Brasileiro vai a 17º Dakar seguido confiante em vantagem sobre jovens


O brasileiro Jean Azevedo pode se gabar de ser parte viva da história do Rali Dakar, maior evento off-road do mundo. Neste domingo, ele iniciará em Buenos Aires sua 17ª participação consecutiva na prova com a tranquilidade de quem já viu o evento mudar até de continente.
Realizada desde 1979, a prova era conhecida como Paris-Dakar, pois era disputada, geralmente, entre as capitais francesa e senegalesa. Em 2009, passou a ocorrer na América do Sul por segurança. O rali do ano anterior foi cancelado na véspera de seu início pela morte de quatro turistas franceses na Mauritânia, um dos países do percurso, em um ataque terrorista dias antes.

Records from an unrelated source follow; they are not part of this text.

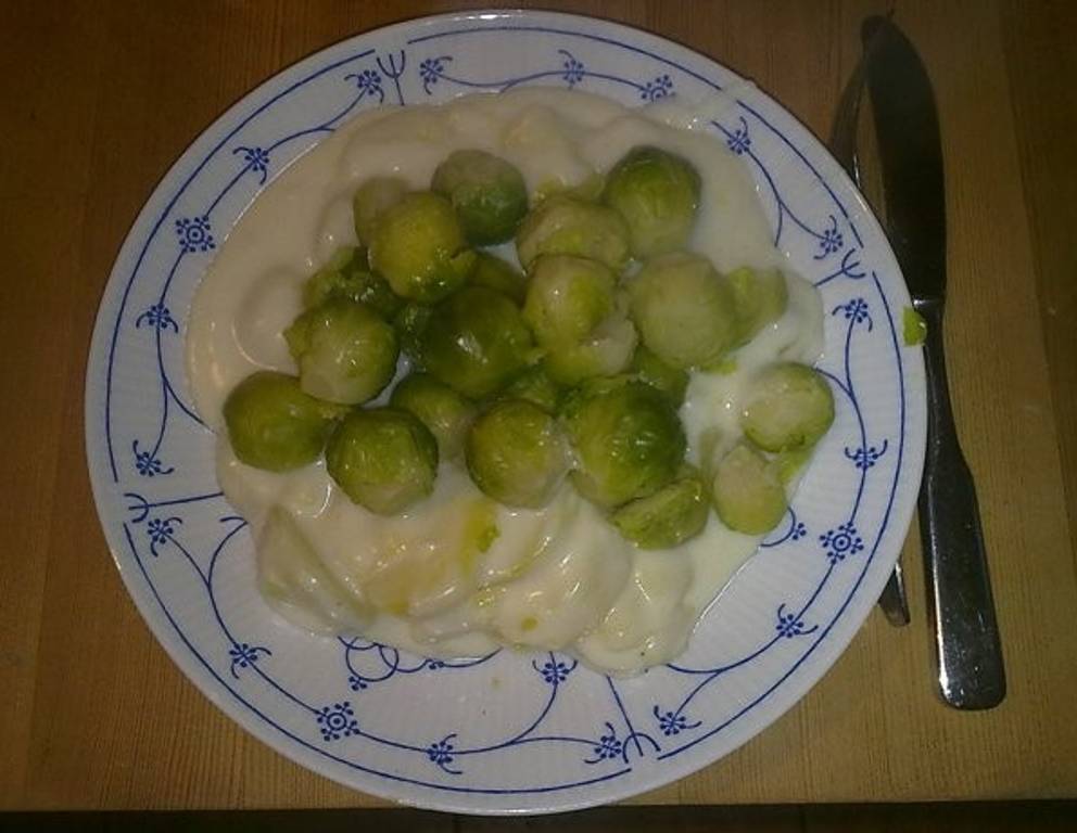 Die Kohlsprossen auf Béchamelkartoffeln beliebig mit frisch gehackten Kräutern verfeinern. Wer möchte, gibt ein paar geröstete Speckwürfel darüber oder gehobelte Mandelblättchen.
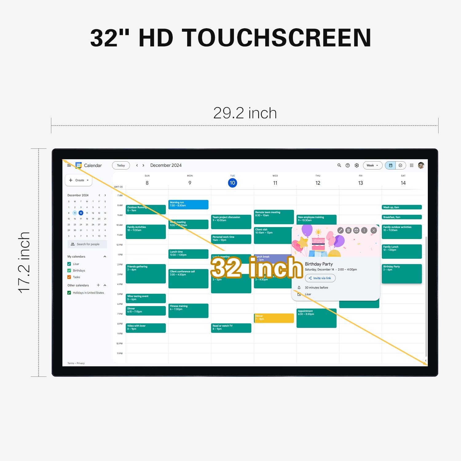 Stunning HD Smart Touch Screen:The 32″ WiFi digital calendar comes equipped with a high quality FHD 1920*1080 resolution IPS touchscreen,providing stunning visuals from any angle.Whether you’re looking at your schedule,organizing household tasks,or enjoying photos,everything is shown with exceptional clarity,improving your overall experience
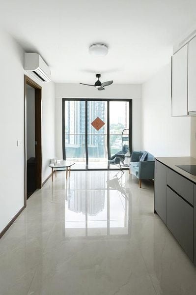Step into a warm and inviting space where abundant natural light floods through floor-to-ceiling windows, illuminating the stylish finishes and cozy ambiance. The living room, adorned with a plush round rug, seamlessly connects to a balcony that offers an unblocked view of lush greenery, creating a serene retreat right at home.
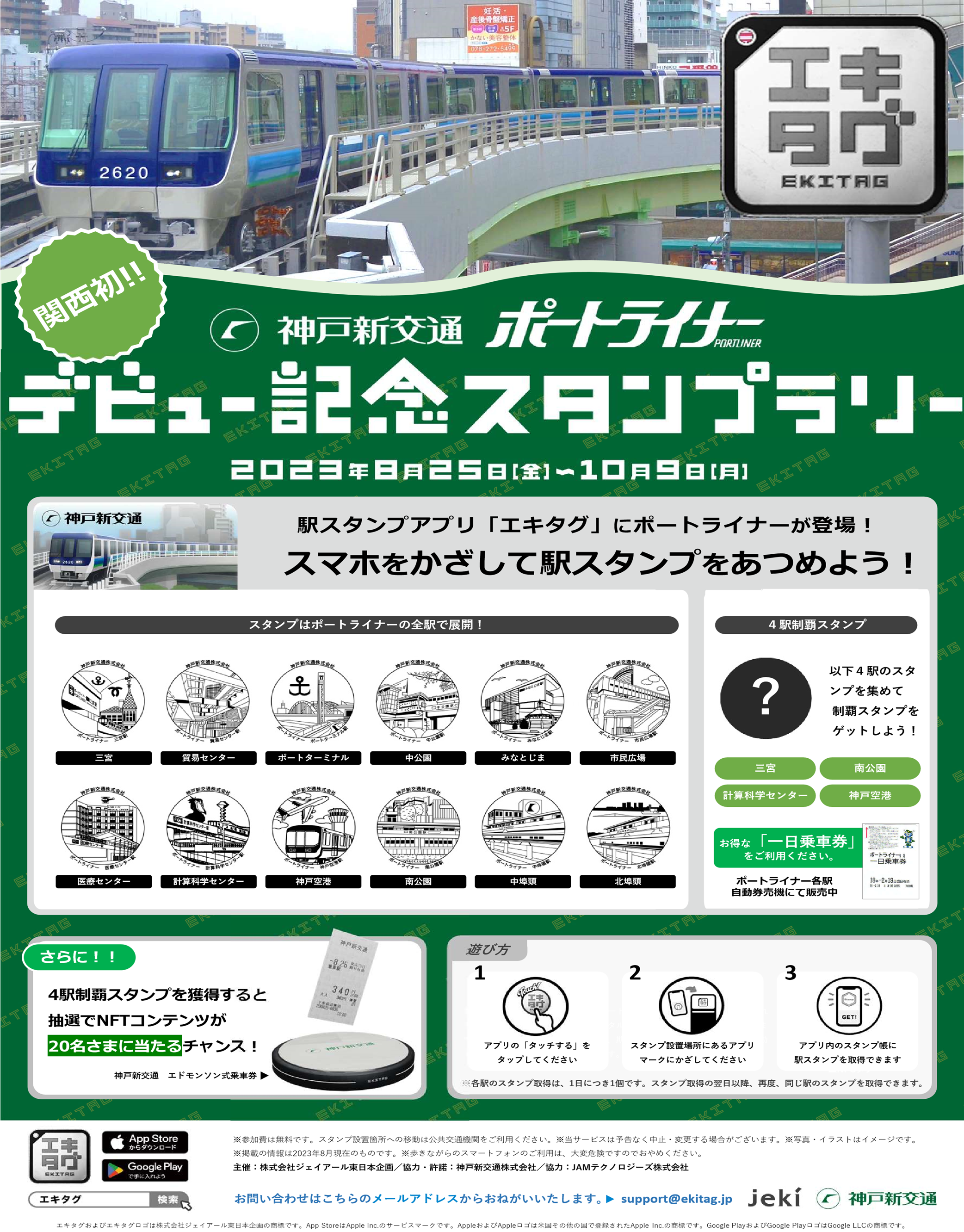 2023年8月25日より神戸新交通「ポートライナー」の全12駅にエキタグを展開します。
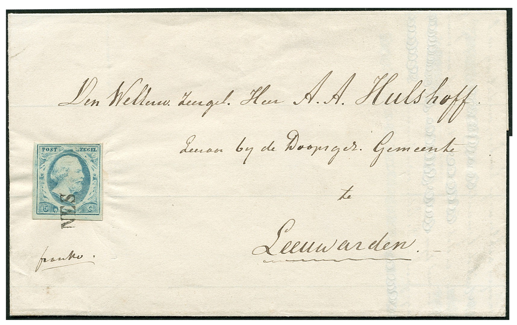 NES (EY.100) op 5 cent. Prachtex. op zeer frisse, dichtgeplakte vouwbrief van 10(?)-2-1860 naar Leeuwarden. Keur ´Van Dieten´. Ex de Veer
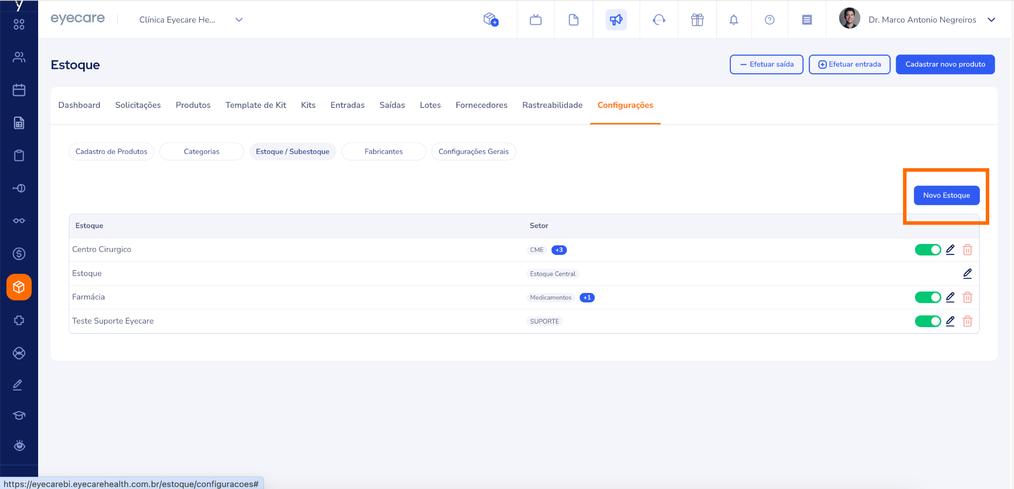 Onde fica: Menu → Estoque → Estoques/Setores.
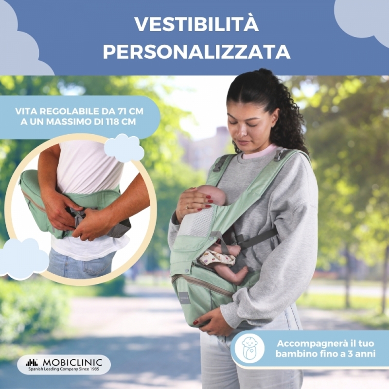 ORGANIZZAZIONE E ACCESSIBILITÀ: Il marsupio include una pratica tasca con cerniera per riporre facilmente gli effetti personali del bambino , consentendo un accesso rapido e comodo agli oggetti essenziali (pannolini, ciucci, chiavi, fazzoletti, documentazione, telefono cellulare, snack, piccoli spiccioli....) . Inoltre, dispone di un poggia bottiglia laterale per una maggiore comodità.
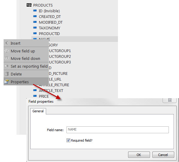 8. A right-click on a field allows accessing the properties of the field and setting it as mandatory:
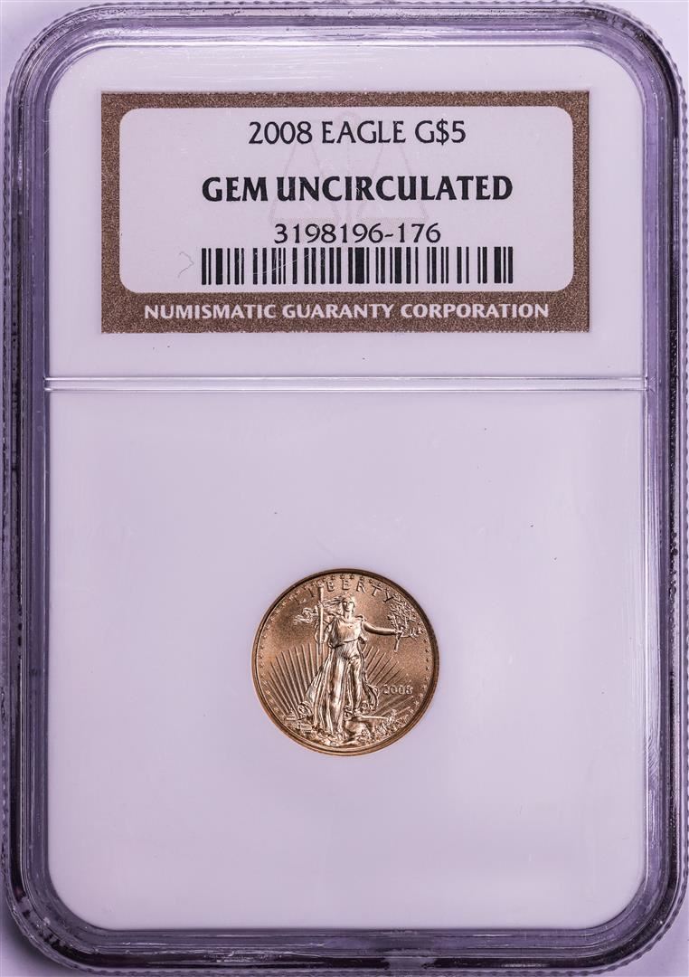 One 2008 $5 American Gold Eagle Coin NGC Gem Uncirculated. NGC Certified.

Este ano, o Dakar começará em Buenos Aires, no dia 4 de janeiro, e terá 9.295km para as motos, categoria que Jean Azevedo disputa. Os atletas passam por Chile e Bolívia antes de retornarem à capital argentina, onde também ocorre a chegada do evento, 14 dias após seu início.
Jean correrá pela recém-criada equipe sul-americana da Honda, satélite do time oficial da montadora japonesa e que contará com apoio técnico e logístico da matriz. Com 40 anos de idade, o paulista encara a prova com calma, graças à experiência de quem correu o Dakar pela primeira vez em 1996.
Seu melhor resultado foi a quinta colocação geral das motos em 2003, ano em que seu irmão mais velho André Azevedo foi vice-campeão nos caminhões. Mas Jean garante ser um piloto mais eficiente e cerebral atualmente. Para manter a forma física e competir com atletas 20 anos mais jovens, se submete a seis dias de treinamento por semana.
Divulgação
O paulista Jean Azevedo disputa o Dakar, maior rali do mundo, pela 17ª vez consecutiva

Gazeta Esportiva.net: Você vai para seu 17º Dakar consecutivo. A competição já até mudou de continente nesse período. Nunca pensou em largar?
Jean Azevedo:
O Dakar é a minha carreira, minha profissão, minha vida porque estou lá desde os 20 anos de idade. Cada vez é um desafio diferente. A prova muda todo ano. Se você for lá para fazer a mesma coisa, talvez vá desmotivando. Se eu não tivesse essa vontade, nem voltaria mais. É a motivação de sempre: buscar meus limites, terminar a prova. O resultado final é a consequência de um bom trabalho.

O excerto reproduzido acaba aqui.